- Battle of Naas: Part of the Irish Rebellion
| Date | 24 May 1798 |
| Location | Naas, County Kildare |
| Result | Anglo-Irish victory |

Belligerents
- Irish Republic United Irishmen; Defenders;: British Ireland

Commanders and leaders
- Michael Reynolds: Unknown

Strength
- 1,000: 250

Casualties and losses
- ~135 killed: ~25 killed

= Battle of Naas =

1798 battle of the United Irish Rebellion

The Battle of Naas took place in Ireland on 24 May 1798.

==Background==
One of the first engagements of the 1798 rebellion, a force of over 1,000 rebels, led by Michael Reynolds attacked Naas, the strongest Crown garrison in County Kildare, following the successful mobilisation of United Irishmen, Defenders and rebels throughout county Kildare on the night of 23 May.
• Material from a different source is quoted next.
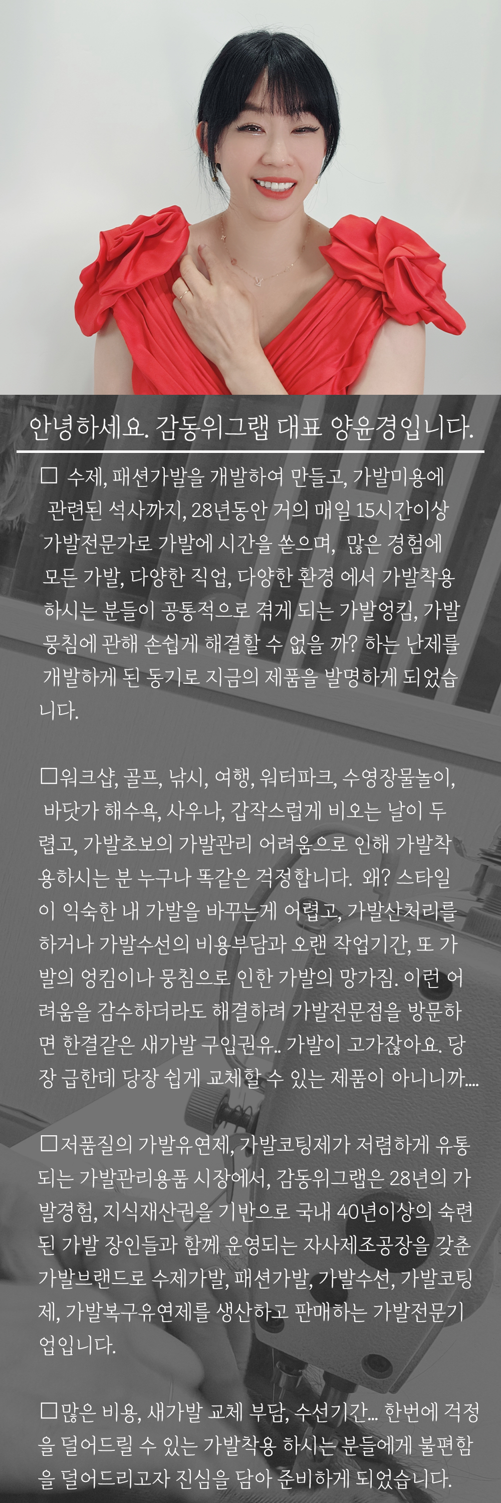 저희의 감동위그랩을 지지해주시고 응원을 보내주시는 오랫동안 가발을 착용하면서 애로사항을 말씀해주셨던 많은 가발고객님과 헤어피스, 붙임머리나 가발을 착용하는 모든 분, 탈모로 고민이 많으신 분들이 주시하고 있는 와디즈에서 저희의 도전을 가장 먼저 선보이고 싶었습니다. 탈모로 인해 고통받으시는 분, 붙임머리나, 가발과 함께 삶을 공유하는 모든 분들과 계속 함께 하기를 소망합니다.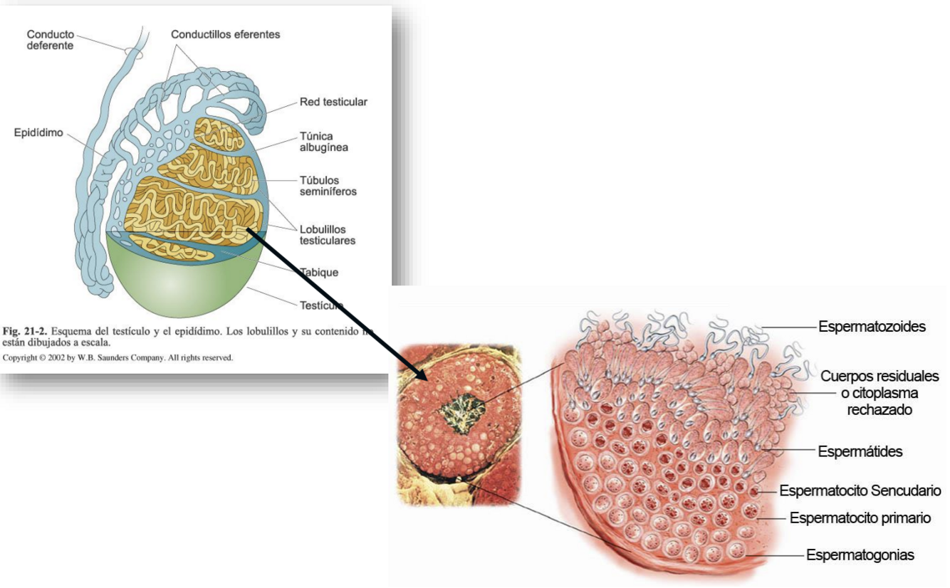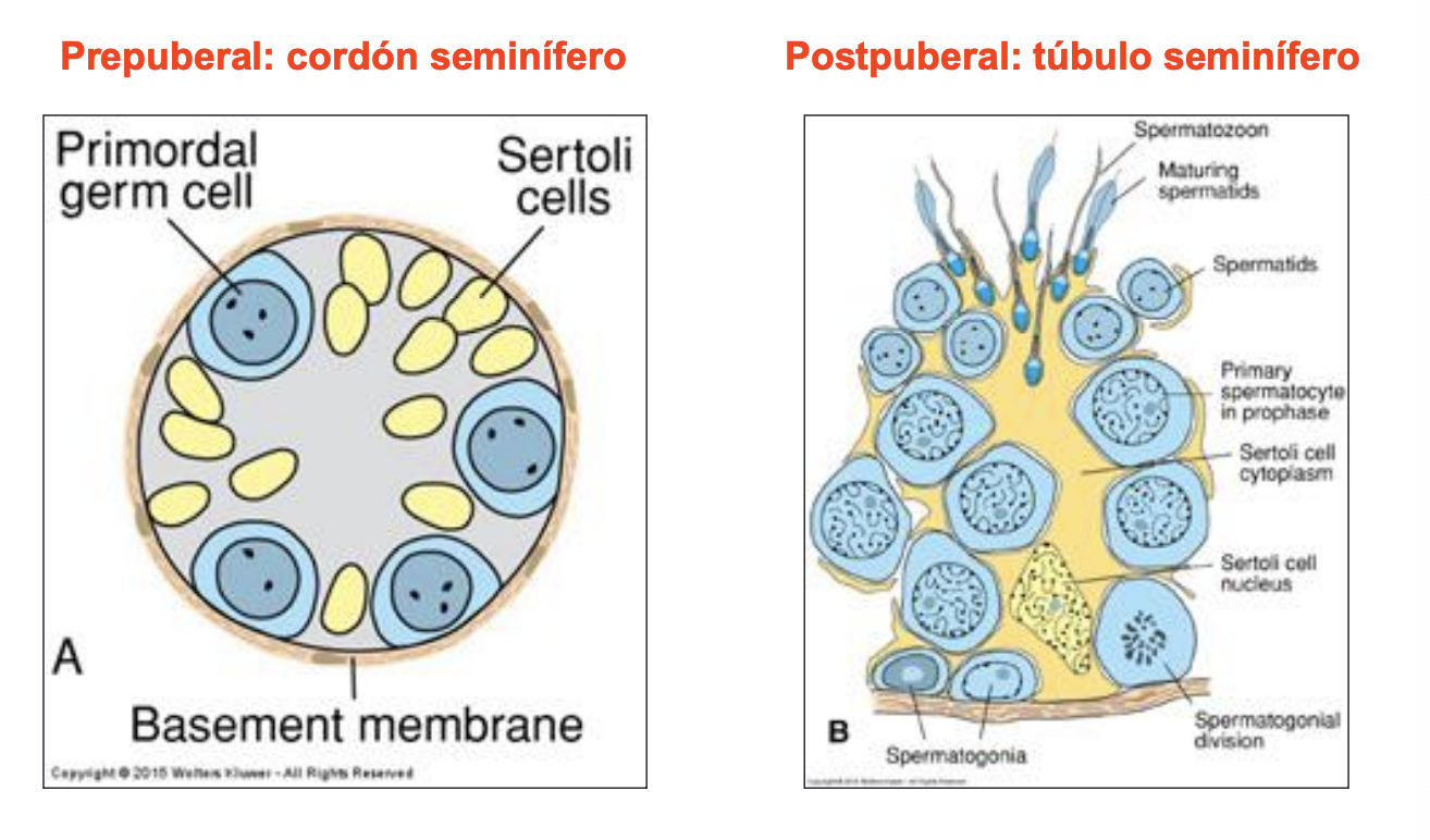 Espermatogenesis inicia en pubertad (dura 2 meses)

The garrison at Naas numbered approximately 250 men, supplemented by a number of local yeomen, some of whom had already deserted to the rebels. Importantly, the defenders had some cannon.

==Attack==
The rebel attack was launched from three directions at around 2:30 a.m and achieved a degree of surprise, driving the garrison back to a barricade outside the jail, on a slight hill at the centre of the town's main street. Rebel assaults on the barricade were eventually beaten back when the military managed to bring two artillery pieces to bear, firing at close range into the mass of rebels advancing on the then jail from the north. Hemmed in by buildings, the rebels could not manoeuver, and cavalry were sent in to take advantage of the confusion. The rebels then began to retreat and the bulk of their casualties, about 135, were inflicted at this stage for the loss of about 25 of the military.

On the same night the Battle of Prosperous about 6 miles north of Naas resulted in a rebel success.